Looking first at date, which is statistically significant, we can see that a 1 day increase in date sold is associated with a $0.016 increase in price with a $0.006 standard error (all things equal). That’s an astounding $5.84 each year of appreciation, which isn’t too exciting, but represents a 5% annual increase for my poster, which isn’t terrible. I only have data stemming back to 2000, and these things were worthless in 1943, so I still have faith that as time goes on, and some get lost or damaged, these will appreciate well. Very interestingly, if sold as part of a set, the model suggests that each poster could sell for $95 more. Perhaps I could collect each of the 4 posters individually and make a profit by selling them as a set? The model also suggests that an increase in price is associated with linen-backing and increases in size and condition. I thought that maybe one of the ‘freedoms’ was more valuable than another, but that couldn’t be shown in the data. Here is an interesting interval plot visualizing how sales price changes with size, condition, and whole set/single item.
So, after all this, was $115 a good price for my poster? It is 56 x 40 inches, non-linen, not sold as a set, and the condition is 3/5. If I plug in all those numbers into Minitab, it spits out a price prediction for me:
The long waited results of my statistical Kelley Blue Book are in. According to these data, the value of this poster is $260.085 with 95% confidence that a group of these posters in this condition would average between $186 and $334. It looks like I got lucky this time, but my next purchase won’t be so random.

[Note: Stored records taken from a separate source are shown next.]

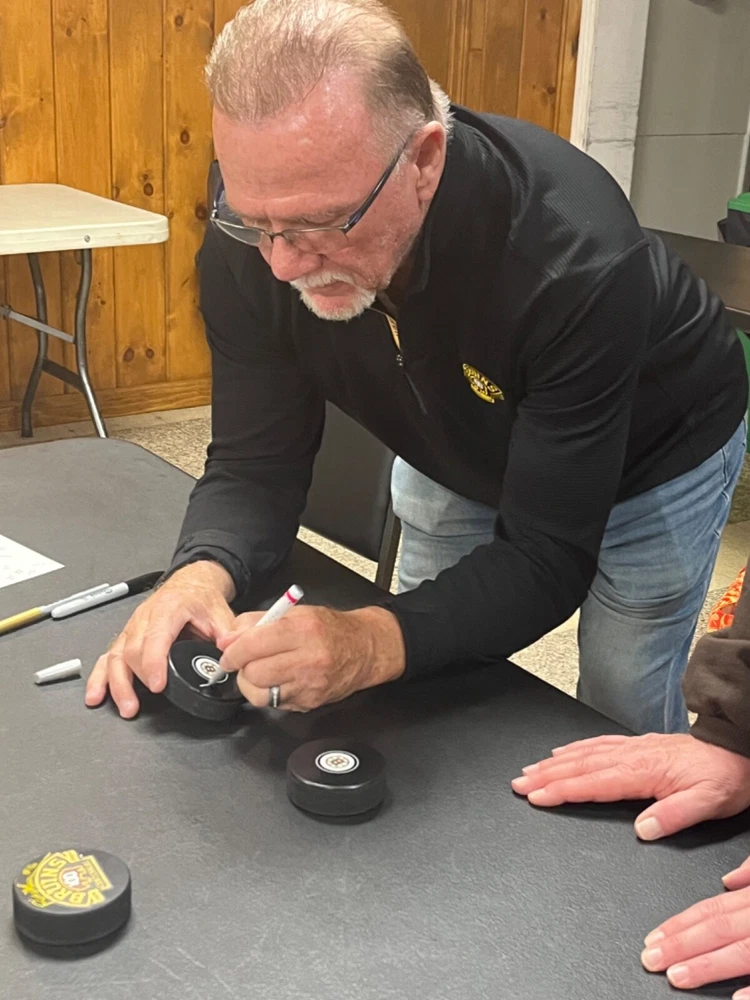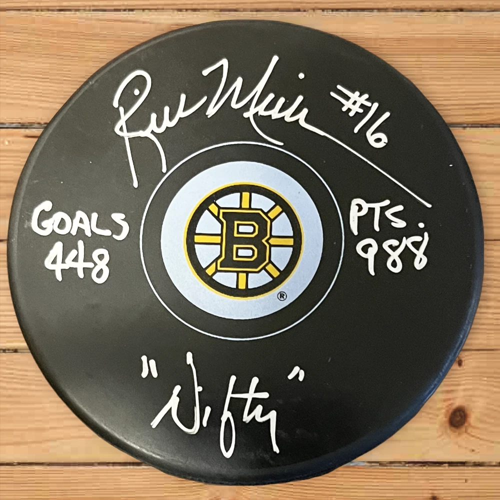 YOU ARE PURCHASING 1 Rick Middleton autographed photo puck. This puck was signed by Rick Middleton at my show in Massachusetts. Puck is inscribed points, goals, Nifty and assists...Shipping and handling $8.95 in the United States. C of A ships with item.
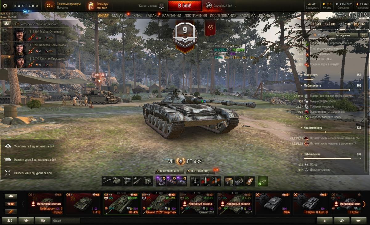 Я не очень любил лт, так как настрел по нашему засвету большая удача, 432ой же позволяет огрызаться и не ждать поддержки от союзников, можно и убежать и догнать.
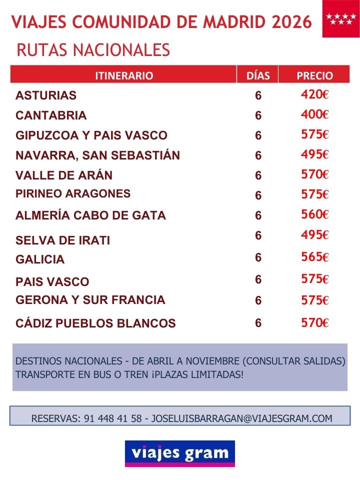 Recorridos por destinos de toda España
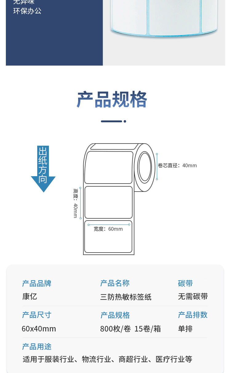 商品名称:康亿(KONYEE)三防热敏标签打印纸60×40mm 15卷(800枚/卷)
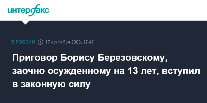 Приговор Борису Березовскому, заочно осужденному на 13 лет, вступил в законную силу
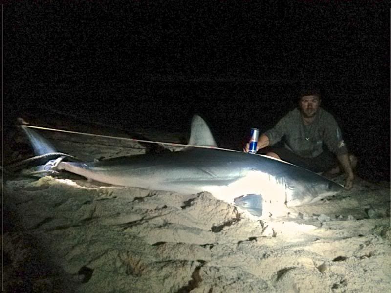 Not a bad first check in for Team True Blue! Joey Polk reeled in a 9' 3" Mako to close out Saturday night! This chore took him a little over an hour and a half of pretty solid reeling!
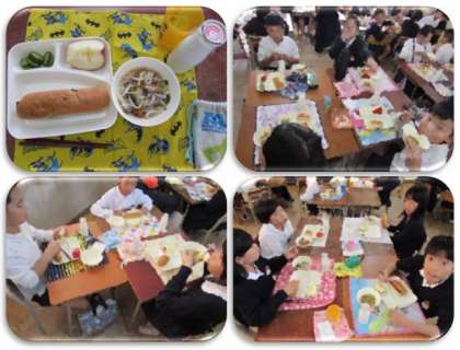 本日の給食の献立をご紹介します。本日の献立は、レーズンパン、肉うどん、あっさりきゅうり、りんご、牛乳でした。

Update 7/19/20: My NYU statistics professor, Jeffrey Simonoff, has reviewed this article and responded via email that my “conclusions seem reasonable,” and asked for permission to use this case in an upcoming class. Make no mistake, this may be the most positive feedback I’ve ever received from a professor. He also commented on the model’s practical usefulness:
“Thanks for the permission. One other point I forgot to mention about your post is related to the intervals you produced at the end. You quoted the confidence interval, and correctly described it as an estimate for the true average price of all posters of the type you bought. That’s a perfectly reasonable way to think about whether you overpaid or not. Of course, that isn’t the right interval for the question of how much you would expect to pay for a single poster, which is the prediction interval, and the latter is clearly useless (it includes negative values, which is reflecting that the model doesn’t take into account that the variability of prices at the low price end is smaller than for the full range). Your question (“did I pay too much?”) is really a question for the seller (“what should I charge?”), and the confidence interval shows that he or she charged too little. If you had done this before buying the poster, you might have asked “how much can I expect to pay?”, and the prediction interval tells you that from a practical point of view these data don’t provide a useful answer to that question.”